Sophie Mitchelmore

Personal information
- Full name: Sophie Mitchelmore
- Born: 21 January 2001 (age 25) Banbury, Oxfordshire, England
- Batting: Right-handed
- Bowling: Right-arm medium
- Role: All-rounder

Domestic team information
- 2016–2019: Oxfordshire
- 2021–present: Hampshire
- 2021: Southern Vipers
- 2023–2024: Southern Vipers

Career statistics
| Competition | WLA | WT20 |
| Matches | 17 | 40 |
| Runs scored | 344 | 423 |
| Batting average | 31.27 | 19.22 |
| 100s/50s | 0/3 | 0/0 |
| Top score | 63* | 44 |
| Balls bowled | 644 | 432 |
| Wickets | 36 | 7 |
| Bowling average | 9.63 | 52.71 |
| 5 wickets in innings | 1 | 0 |
| 10 wickets in match | 0 | 0 |
| Best bowling | 5/10 | 2/13 |
| Catches/stumpings | 4/– | 5/– |
- Source: CricketArchive, 18 October 2024

= Sophie Mitchelmore =

English cricketer

Sophie Mitchelmore (born 21 January 2001) is an English cricketer who currently plays for Hampshire. An all-rounder, she is a right-handed batter and right-arm medium bowler. She has previously played for Oxfordshire and Southern Vipers.

==Early life==
Mitchelmore was born on 21 January 2001 in Banbury, Oxfordshire.

==Domestic career==
Mitchelmore made her county debut in 2016, for Oxfordshire against Cornwall. In 2017, she was Oxfordshire's joint-leading wicket-taker in the County Championship, with 7 wickets including her List A best bowling figures of 5/10, taken against Dorset. She scored her maiden half-century in the 2018 Women's County Championship, as well as ending the season as the fourth-highest wicket-taker across the whole tournament, with 18 wickets at an average of 7.44. In the 2019 Women's County Championship, she was Oxfordshire's second-highest run-scorer and joint-leading wicket-taker, with 135 runs and 9 wickets, as well as making a career-best score of 63* against Wiltshire.

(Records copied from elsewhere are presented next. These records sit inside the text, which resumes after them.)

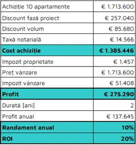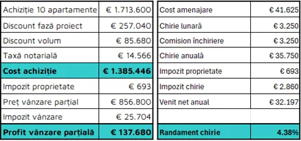 Concret, se analizează vânzarea a 5 apartamente, din cele 10 achiziționate, imediat ce proiectul este complet, în timp ce celelalte 5 apartamente sunt păstrate timp de 5 ani. Pe parcursul acestei perioade, se estimează o creștere anuală a prețurilor de 5%. De asemenea, în timpul celor 5 ani de deținere, apartamentele vor fi închiriate, ceea ce implică o investiție suplimentară pentru mobilarea acestora, dar și un venit adițional din chirii.
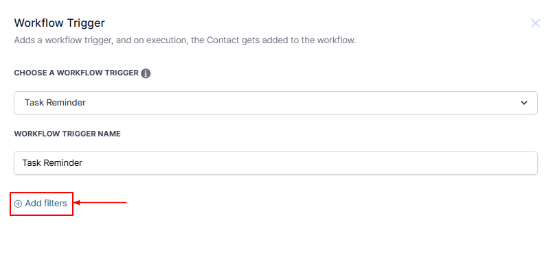 The Task Reminder workflow trigger allows you to trigger a workflow based on a task previously created in your CRM. This will help you generate task reminders based on the nature of your work.
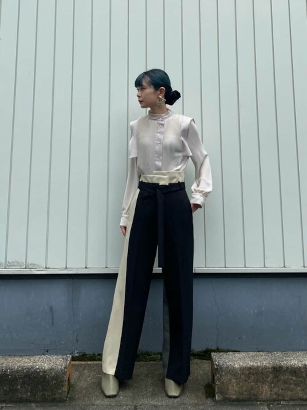 usaのシャツ/ブラウス「ハイネックプリーツブラウス」を使ったコーディネート
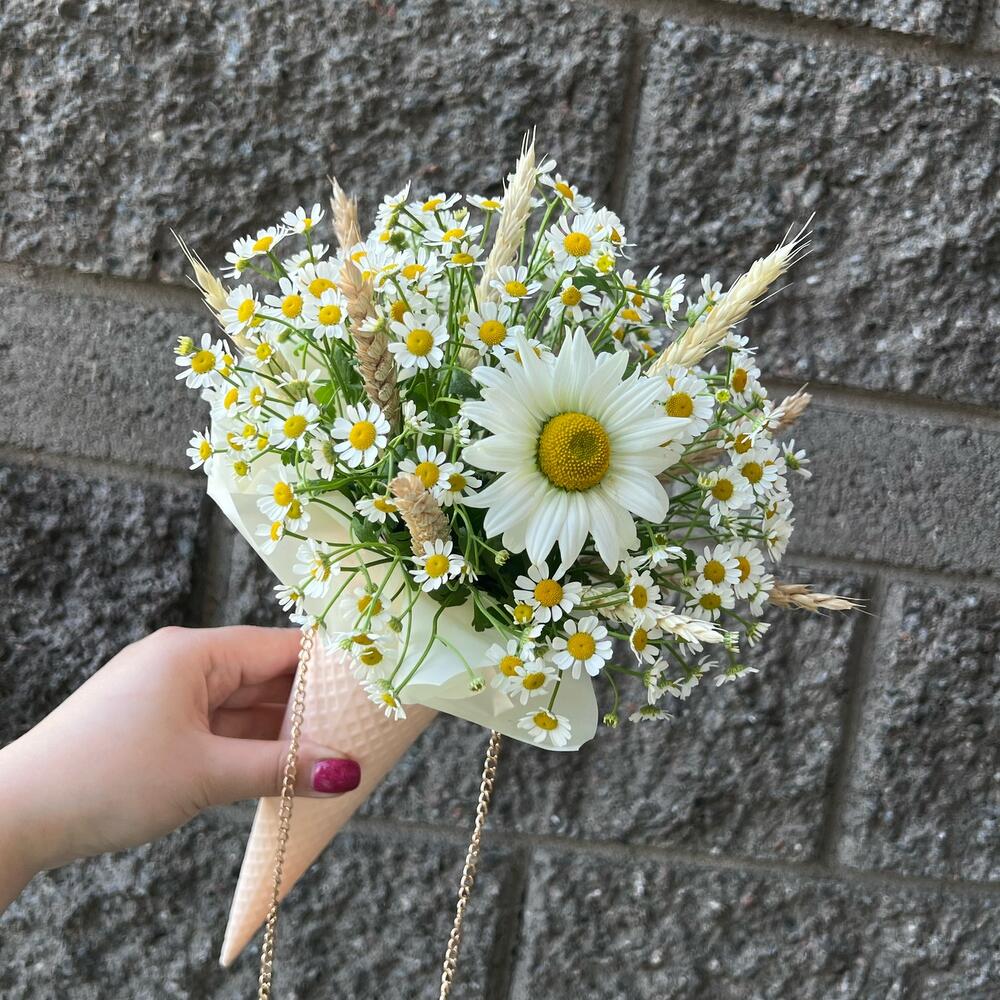 конус рожок – 1 шт.Калька упаковка – 1 шт.Оазис флористический – 1 шт.Ромашка кустовая – 4 шт.Ромашка одноголовая – 1 шт.Колосья – 10 шт.
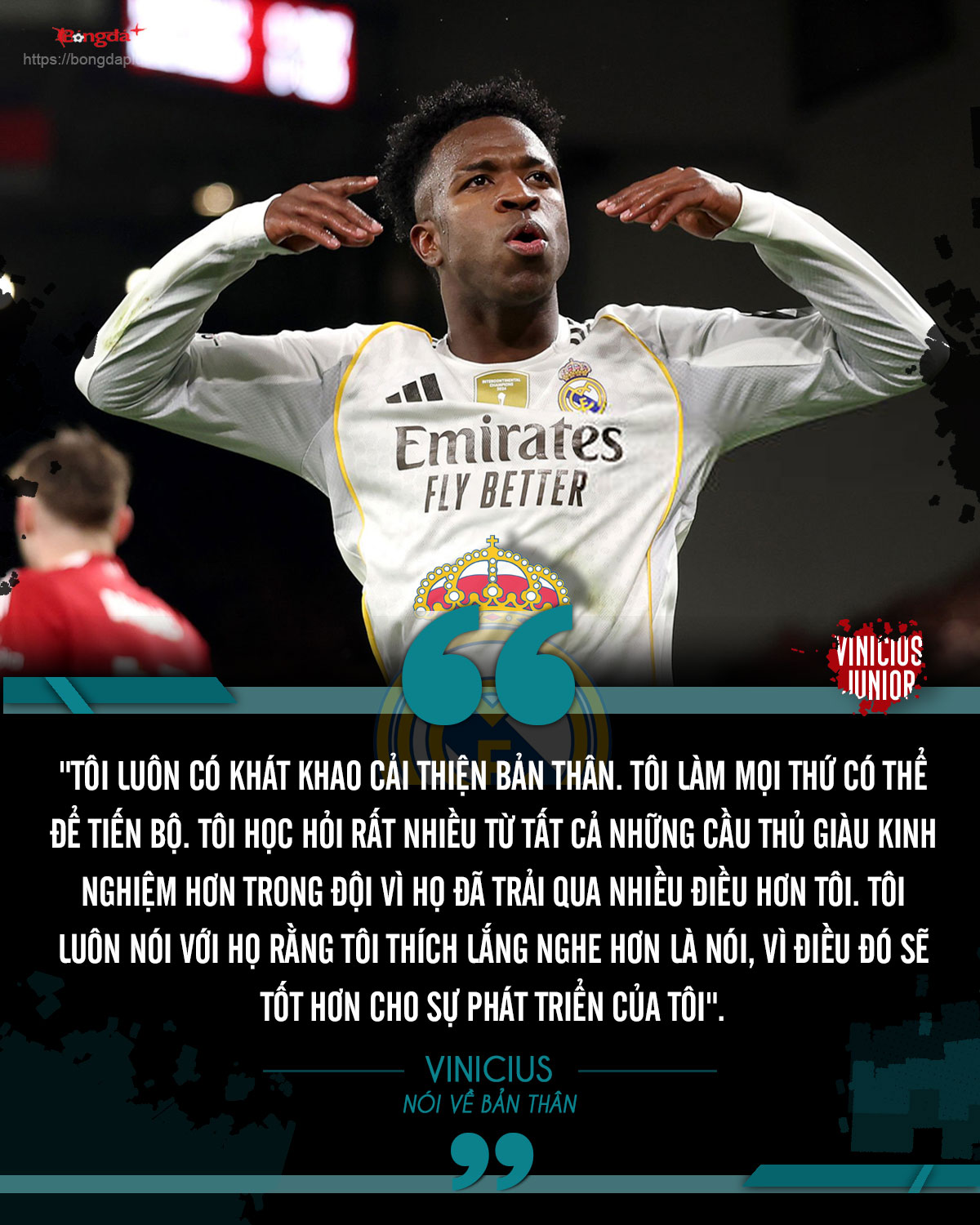 Ban lãnh đạo Real Madrid cũng hoàn toàn hài lòng. Họ thậm chí từ chối xem xét những lời đề nghị khổng lồ từ Saudi Arabia. Khi đó, có cảm giác Vinicius đã thực sự phát huy trọn vẹn tiềm năng và mọi người chờ đợi những bước nhảy vọt tiếp theo. Song hiện tại, bức tranh quanh tiền đạo 25 tuổi đã hoàn toàn khác, sau mùa 2024/25 cùng nửa đầu mùa giải 2025/26 đầy khó khăn và thất vọng cá nhân.

Ahead of the 2021 season, Mitchelmore joined Hampshire. She played 6 matches for the side in the Twenty20 Cup, scoring 76 runs with a best of 43*. In April 2021, Mitchelmore was named in the Southern Vipers Academy squad for the season, and made 78 for the side in a match against the Western Storm Academy on 18 August 2021. On 28 August 2021, Mitchelmore made her debut for the full Southern Vipers side, in a Charlotte Edwards Cup match against South East Stars. She went on to play one further match in the tournament that season. She played one match for Hampshire in the 2022 Women's Twenty20 Cup. Ahead of the 2023 season, she re-joined the Southern Vipers squad, but did not play a match for the side that season. She played six matches for Hampshire in the 2023 Women's Twenty20 Cup, scoring 113 runs and taking one wicket.